Tuesday, July 29, 2008

Jangan Melukai Hati Sahabat Anda

By: Ir. Silakumaro Tonny Coason

Rewritten and edited by: B. Sagita W.

Published on: Inspirasi 4 Dimensi


Seorang ayah hidup bersama seorang anaknya yang memiliki sifat pemarah dan suka berbicar kasar. Si ayah sudah berulang kali mengajari anaknya agar lebih bersabar dalam pergaulan, namun anaknya masih terus hidup dalam kebiasaan buruk.

Suatu ketika, si ayah memanggil anaknya dan memberi nasehat.Anakku, memarahi dan berbicara kasar kepada orang lain itu bukan sifat yang terrpuji. Cobalh kamu hitung, berapa banyak kamu memarahi atau kasar terhadap sahabatmu. Setiap kali kamu marah, ambil sebuah paku ini dan tancapkan ke tiang pagar di belakang rumah kita dan disetujui oleh anaknya.

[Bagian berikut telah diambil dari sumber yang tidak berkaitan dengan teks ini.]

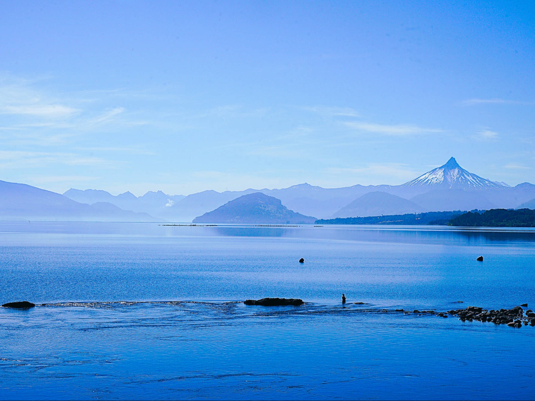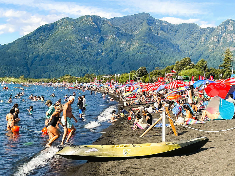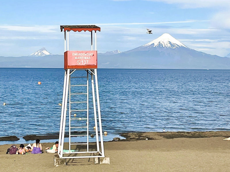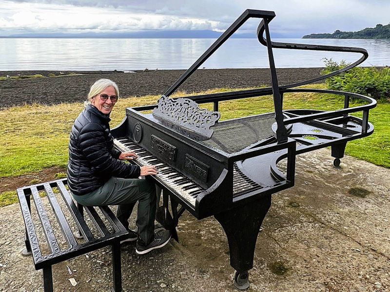 Wir: durchqueren bei kühlen Temperaturen (um 11° C) durch den frischen Wind eine herrliche Seenregion nach "Paillaco", die in eine sehr malerische Landschaft zwischen sanften Hügeln, dichten Wäldern und großen Viehherden auf grünen Weiden eingebettet ist. "Entre Lagos" ist ein pittoreskes Dorf mit farbenfrohen Häusern am Ufer des "Lago de Puyehue" vor der spektakulären Kulisse der Vulkane "Osorno" und "Puyehue". Die außergewöhnlich gepflegte Landschaft weckt Erinnerungen an das Alpenvorland und erklärt auch, warum sich viele Siedler, zumeist aus Deutschland, im 19. Jh. in dieser Region niederließen und zu ihrem wirtschaftlichen Aufschwung beitrugen. Wir überqueren den Ausfluss des alten, tiefblauen Gletschersees "Lago Rupanco" mit den markanten Spitze des Stratovulkans "Cerro Puntiagudo" (2.498) im dunstigen Hintergrund. Wie ein dichter weißer Teppich überziehen abertausende von Margariten die Wiesen. Wir umrunden den aus den Anden gespeisten "Lago Llanquihue", der zweitgrößte See Chiles und lassen uns von den herrlichen Panoramen der Vulkane "Osorno" mit seinem postkartenreifen 2652 m hohen, schneebedeckten Gipfel und "Calbuco" (2.003 m) regelrecht verzaubern. Entlang der kurvigen Straße leuchtet der tiefgelbe Ginster, dahinter glitzert der tiefblaue See mit den schneebedeckten Gipfeln unter azurblauem Himmel. Unsere Herzen tanzen vor Freude, wir erleben ein nachhaltiges Fest für all unsere Sinne, während wir glücklich dahin gleiten. Ab 1846 wurde "Puerto Varas", auch Stadt der Rosen genannt, von deutschen Einwanderern besiedelt, deren Spuren z. B. durch viele historischen Gebäuden aus der Gründerzeit, bis heute sichtbar sind. Uns zieht es jedoch nach " Frutillar Bajo" am Westufer des "Lago Llanquihue", ebenfalls eine sehr deutschgeprägte Stadt, die vor allem durch das kulturelle Angebot mit dem Höhepunkt der "Semanas Musicales de Frutillar" bekannt ist. Das "Teatro del Lago", in dem die Konzerte des Klassik- Festivals von Ende Januar bis Anfang Februar stattfinden, gilt als die südlichste Konzerthalle der Welt. Sie besitzt einen Konzertsaal mit exzellenter Klangqualität (1.178 Plätze), ein Amphitheater (270 Sitzplätze) sowie eine Reihe weiterer Mehrzweck-Salons, Foyers, Ausstellungsbereiche, Proberäume, Konferenzräume etc. Der deutsch-chilenische Geschäftsmann "Guillermo Schiess" initiierte ab 1998- 2010 das 20 Mio. USD teure, moderne Theater, angetrieben von folgender Philosophie: "wenn Menschen und Gemeinschaften Zugang zu den Künsten haben, wird die kulturelle Vielfalt bereichert und das gegenseitige Verständnis gefördert. Dieser Zugang verringert nicht nur kulturelle Unterschiede, sondern fördert auch kritisches Denken, Empathie und Vorstellungskraft und stärkt die Kreativität als wesentliche Fähigkeit für die menschliche und kollektive Entwicklung". Uns begeistert die durchdachte, holzverkleidete Innenraumgestaltung, insbesondere die 800 gebogenen, teils beweglichen Holzpaneele des Saals, die nicht nur ästhetisch ansprechend sind, sondern auch zur außergewöhnlichen Akustik beitragen. Die Außenfassade aus Holzlatten in verschiedenen Farbtönen ist von den mit Holzschindeln verkleideter Lagerhäuser deutscher Einwanderer inspiriert und soll den natürlichen Alterungsprozess nachahmen, eine moderne Interpretation der historischen Architektur, so die architektonische Idee. Nun ja! Unübertroffen ist jedoch die spektakuläre Lage direkt am Ufer des "Lago Llanquihue" mit dem am gegenüberliegenden Ufer mächtigen "Volcán Osorno" als Kulisse. Wir spazieren die hübsche Seepromenade entlang, gönnen uns im "Club Aleman" Schnitzel mit Kartoffelpüree oder im "Biergarten" Schweinerippchen mit Sauerkraut und naschen im "Kuchenladen" Schwarzwälder Kirschtorte. Immer wieder diskutieren wir seit Reisebeginn, ob wir uns an einem der von uns besuchten Ort vorstellen könnten, auf Dauer zu leben. Das kleine, wenn auch sehr touristische und teure "Frutillar" mit seiner reizvolle Umgebung versprüht für uns eine so überzeugende Energie, dass wir seinem Flair erliegen könnten. Anscheinend teilt meine GS 1250 unsere Gefühlslage, denn am Tage der Weiterreise springt sie erst nach mehreren Startversuchen und heftigen Adrenalinschüben meinerseits stotternd an...

Mulai saat itu, setiap selesai marah, anak tersebut datang ke belakang rumah dan menancapkan sebatang paku. Lama-kelamaan, tiangnya hampir penuh dengan paku. Lalu, si ayah memanggil kembali anaknya dan menasehati.

Anakku, marah itu tidak ada gunanya. Kendalikanlah emosimu. Kalau kamu bisa menahan emosi, kamu tak akan marah. Saat itu, kamu berhasil mengalahkan kebiasaan buruk kamu. Datanglah ke belakang rumah, lalu cabutlah sebuah paku. Ayah yakin, dengan keinginan yang kuat, kamu akan bisa menghabiskan semua paku.”

Begitulah, anak itu terus berusaha mawas diri. Setiap emosinya mulai meningkat, dia berusaha mengendalikannya sehingga tidak menjadi marah. Setelah itu, ia datang ke belakang rumah dan mencabut sebuah paku dari tang pagarnya.

Dari hari ke hari, anak itu terus berlatih. Meskipun kadang-kadang dia masih harus menambah sebuah paku Karena amarah, tetapi dia lebih banyak mencabut paku karena berhasil menahan nafsu. Lama-kelamaan paku di tiang pagarnya habis tercabut semua. Anak itu gembira dan mendatangi ayahnya.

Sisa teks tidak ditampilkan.